Task objective: Reprint the entire listing exactly.

Task inputs:
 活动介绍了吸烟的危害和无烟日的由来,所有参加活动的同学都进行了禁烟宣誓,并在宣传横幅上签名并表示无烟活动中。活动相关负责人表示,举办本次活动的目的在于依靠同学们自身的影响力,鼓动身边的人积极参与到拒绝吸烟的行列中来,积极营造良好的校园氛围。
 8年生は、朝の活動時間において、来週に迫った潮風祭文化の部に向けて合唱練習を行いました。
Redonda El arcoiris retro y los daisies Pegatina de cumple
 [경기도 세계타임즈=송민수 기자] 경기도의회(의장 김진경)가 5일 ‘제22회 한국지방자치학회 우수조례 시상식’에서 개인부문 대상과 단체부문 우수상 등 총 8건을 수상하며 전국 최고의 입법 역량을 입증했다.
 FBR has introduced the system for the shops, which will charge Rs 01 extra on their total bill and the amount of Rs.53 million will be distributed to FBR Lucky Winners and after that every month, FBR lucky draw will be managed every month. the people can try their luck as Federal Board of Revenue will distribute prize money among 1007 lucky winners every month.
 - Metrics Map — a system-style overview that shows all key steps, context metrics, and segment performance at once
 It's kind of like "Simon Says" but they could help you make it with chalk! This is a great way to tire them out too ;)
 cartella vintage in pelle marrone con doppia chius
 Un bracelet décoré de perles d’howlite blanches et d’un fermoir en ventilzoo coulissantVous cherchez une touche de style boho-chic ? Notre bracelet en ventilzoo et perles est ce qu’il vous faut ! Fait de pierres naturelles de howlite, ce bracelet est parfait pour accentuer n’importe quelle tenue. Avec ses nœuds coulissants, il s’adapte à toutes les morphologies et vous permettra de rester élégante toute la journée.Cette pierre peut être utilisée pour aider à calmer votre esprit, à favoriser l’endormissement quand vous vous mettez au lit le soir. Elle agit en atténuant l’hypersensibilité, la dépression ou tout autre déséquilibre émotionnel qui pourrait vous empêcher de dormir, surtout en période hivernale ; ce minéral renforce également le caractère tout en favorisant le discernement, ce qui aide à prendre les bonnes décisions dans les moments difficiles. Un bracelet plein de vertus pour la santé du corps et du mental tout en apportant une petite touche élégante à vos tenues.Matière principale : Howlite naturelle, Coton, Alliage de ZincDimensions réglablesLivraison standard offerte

Written reply:
 活动介绍了吸烟的危害和无烟日的由来,所有参加活动的同学都进行了禁烟宣誓,并在宣传横幅上签名并表示无烟活动中。活动相关负责人表示,举办本次活动的目的在于依靠同学们自身的影响力,鼓动身边的人积极参与到拒绝吸烟的行列中来,积极营造良好的校园氛围。
 8年生は、朝の活動時間において、来週に迫った潮風祭文化の部に向けて合唱練習を行いました。
Redonda El arcoiris retro y los daisies Pegatina de cumple
 [경기도 세계타임즈=송민수 기자] 경기도의회(의장 김진경)가 5일 ‘제22회 한국지방자치학회 우수조례 시상식’에서 개인부문 대상과 단체부문 우수상 등 총 8건을 수상하며 전국 최고의 입법 역량을 입증했다.
 FBR has introduced the system for the shops, which will charge Rs 01 extra on their total bill and the amount of Rs.53 million will be distributed to FBR Lucky Winners and after that every month, FBR lucky draw will be managed every month. the people can try their luck as Federal Board of Revenue will distribute prize money among 1007 lucky winners every month.
 - Metrics Map — a system-style overview that shows all key steps, context metrics, and segment performance at once
 It's kind of like "Simon Says" but they could help you make it with chalk! This is a great way to tire them out too ;)
 cartella vintage in pelle marrone con doppia chius
 Un bracelet décoré de perles d’howlite blanches et d’un fermoir en ventilzoo coulissantVous cherchez une touche de style boho-chic ? Notre bracelet en ventilzoo et perles est ce qu’il vous faut ! Fait de pierres naturelles de howlite, ce bracelet est parfait pour accentuer n’importe quelle tenue. Avec ses nœuds coulissants, il s’adapte à toutes les morphologies et vous permettra de rester élégante toute la journée.Cette pierre peut être utilisée pour aider à calmer votre esprit, à favoriser l’endormissement quand vous vous mettez au lit le soir. Elle agit en atténuant l’hypersensibilité, la dépression ou tout autre déséquilibre émotionnel qui pourrait vous empêcher de dormir, surtout en période hivernale ; ce minéral renforce également le caractère tout en favorisant le discernement, ce qui aide à prendre les bonnes décisions dans les moments difficiles. Un bracelet plein de vertus pour la santé du corps et du mental tout en apportant une petite touche élégante à vos tenues.Matière principale : Howlite naturelle, Coton, Alliage de ZincDimensions réglablesLivraison standard offerte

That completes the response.